Dysregulation of the immune system has been suggested to play a role in the etiology of schizophrenia (SCZ). In this context, the tumor necrosis factor-alpha (TNF-alpha) is considered an interesting candidate for genetic studies as overproduction of TNF-alpha, which may be genetically modulated, can influence neuron growth and proliferation. Moreover, the TNF-alpha gene is located on chromosome 6p21.3, a region that has been found to be associated with SCZ in numerous linkage studies. One functional polymorphism, G-308A, has been studied for association with SCZ yielding inconsistent findings.

CONCLUSIONS

In our study, we investigated the G-308A polymorphism with SCZ including 95 nuclear families and 149 pairs of cases/controls matched by age, gender, and ethnicity. Furthermore, we examined BPRS change scores (after 6 weeks, 3 months, and 6 months) and weight changes (after 6 weeks) with this polymorphism in 153 and 247 patients, respectively, after clozapine treatment. We did not observe biased transmission using family-based association test (P=0.752) or significant differences in case/control studies (P=0.839).
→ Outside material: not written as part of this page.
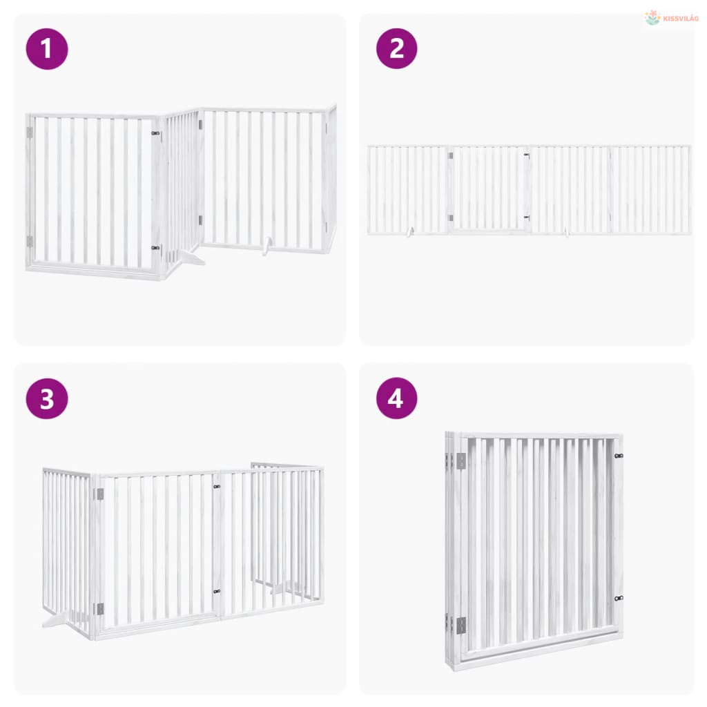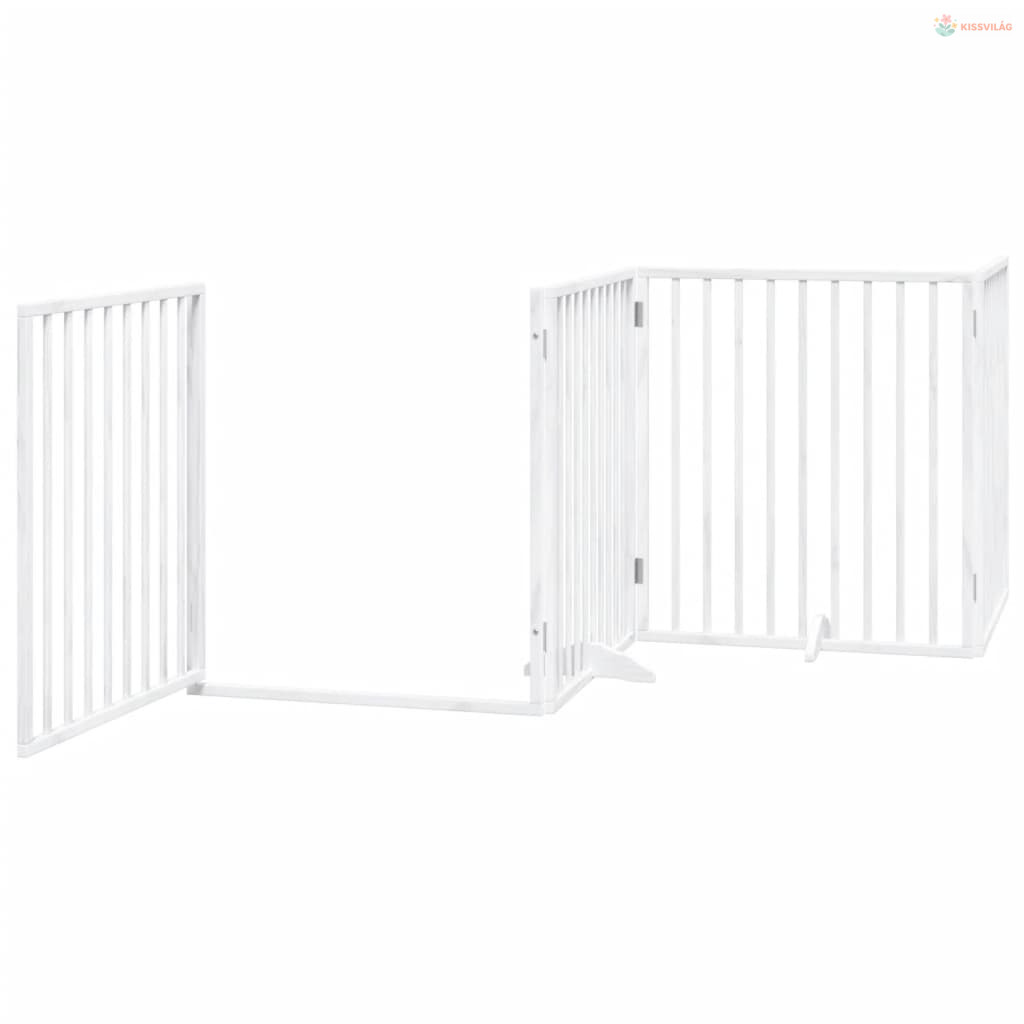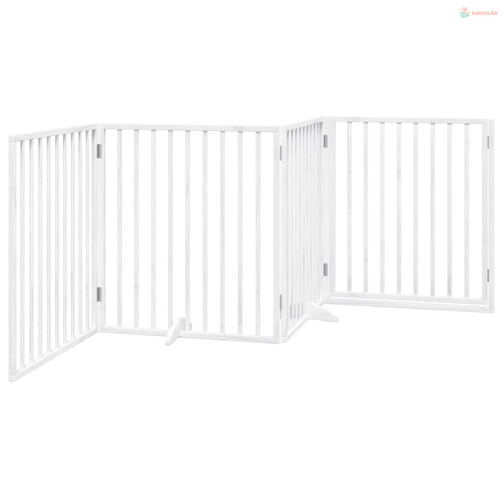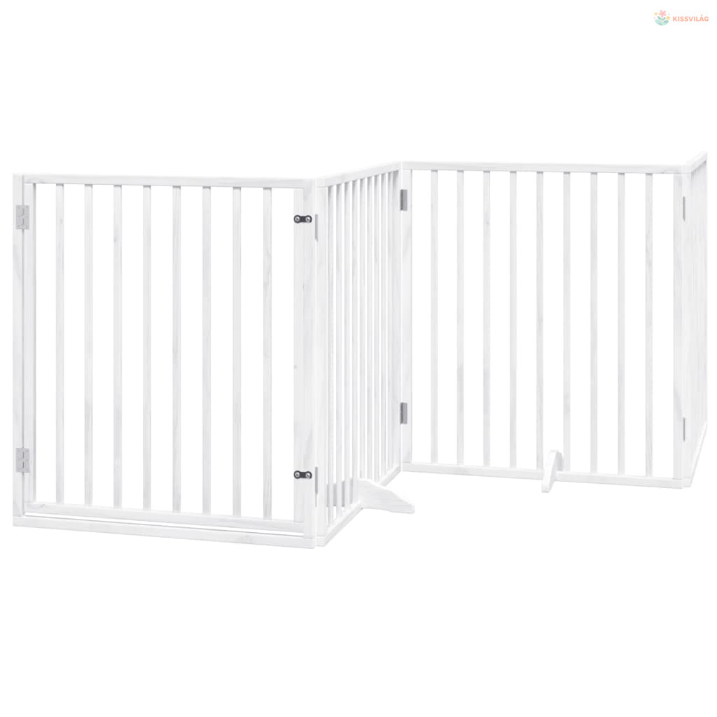 Fehér, nyárfa kutyakapu összecsukható ajtóval, 4 panellel, 320 cm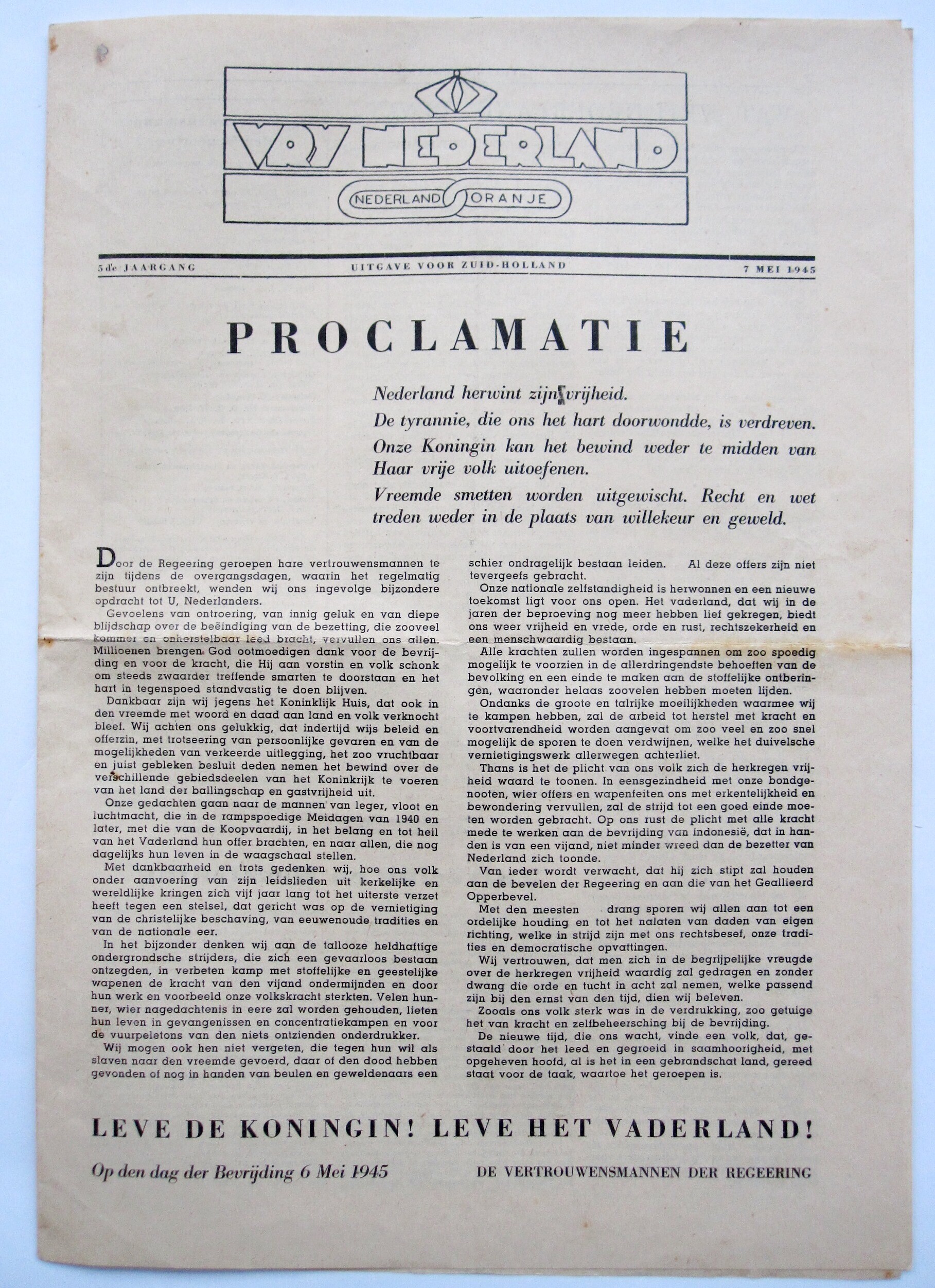 Een uitgave van het blad: "Vrij Nederland. 5de Jaargang Uitgave voor Zuid-Holland 7 mei 1945" met als hoofdartikel: "Proclamatie", afsluitend met "Leve de Koningin! Leve het Vaderland! Op den dag der Bevrijding 6 mei 1945 De vertrouwensmannen der Regeering".

However, patients with allele A showed significant improvement on BPRS change score after 3 months (t=2.000, P=0.049) and 6 months (t=2.481, P=0.015) of clozapine treatment when compared with patients without allele A. Moreover, trends were observed for genotype A/A with clinical improvement in BPRS change score after 6 months (F=2.834, P=0.065) using ANCOVA, and for allele G with weight gain (t=-1.702, P=0.091).

CONCLUSIONS

Overall, the G-308A polymorphism of the TNF-alpha gene does not appear to play a major role in SCZ but might be involved in antipsychotic response.